--- Data excerpt Enclosed Below ---
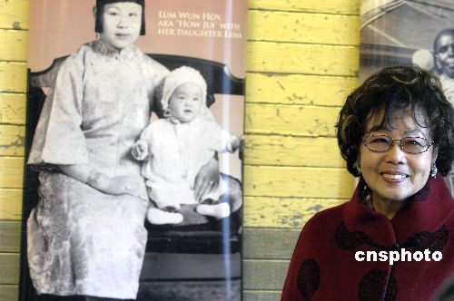 華裔移民方趙玉蓮捐出母親當年被羈留時所用的衣物以及自己和母親的照片,盼后代不忘華人移民之艱辛。中新社發 陳鋼 攝
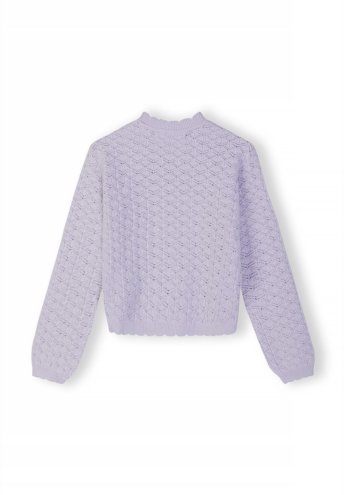 Ten dziewczęcy sweter z delikatnego liliowego dzianiny łączy komfort i trwałość z wyrafinowaną estetyką. Idealny dla dziewczynek w wieku od 3 do 15 lat, wykonany z mieszanki wiskozy, poliestru i nylonu, która zapewnia wytrzymałość oraz gładkie wykończenie powierzchni. Subtelna falowana lamówka przy krawędziach dodaje eleganckiej faktury, a okrągły dekolt i długie rękawy z prążkowanymi mankietami gwarantują schludne, regularne dopasowanie, które zachowuje kształt nawet po wielokrotnym noszeniu, czyniąc go wszechstronnym i praktycznym elementem garderoby na chłodniejsze sezony.
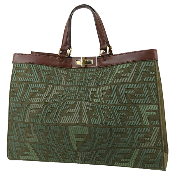 > フェンディ ピーカブー エックストート ズッカ 8BH374 カーキ キャンバス ハンドバッグ トートバッグ 1148
--- End of Enclosed Data excerpt ---
◆ Directions ◆
Recopy the whole listing above precisely, excluding images.

◆ Expected output ◆
 華裔移民方趙玉蓮捐出母親當年被羈留時所用的衣物以及自己和母親的照片,盼后代不忘華人移民之艱辛。中新社發 陳鋼 攝
 Ten dziewczęcy sweter z delikatnego liliowego dzianiny łączy komfort i trwałość z wyrafinowaną estetyką. Idealny dla dziewczynek w wieku od 3 do 15 lat, wykonany z mieszanki wiskozy, poliestru i nylonu, która zapewnia wytrzymałość oraz gładkie wykończenie powierzchni. Subtelna falowana lamówka przy krawędziach dodaje eleganckiej faktury, a okrągły dekolt i długie rękawy z prążkowanymi mankietami gwarantują schludne, regularne dopasowanie, które zachowuje kształt nawet po wielokrotnym noszeniu, czyniąc go wszechstronnym i praktycznym elementem garderoby na chłodniejsze sezony.
 > フェンディ ピーカブー エックストート ズッカ 8BH374 カーキ キャンバス ハンドバッグ トートバッグ 1148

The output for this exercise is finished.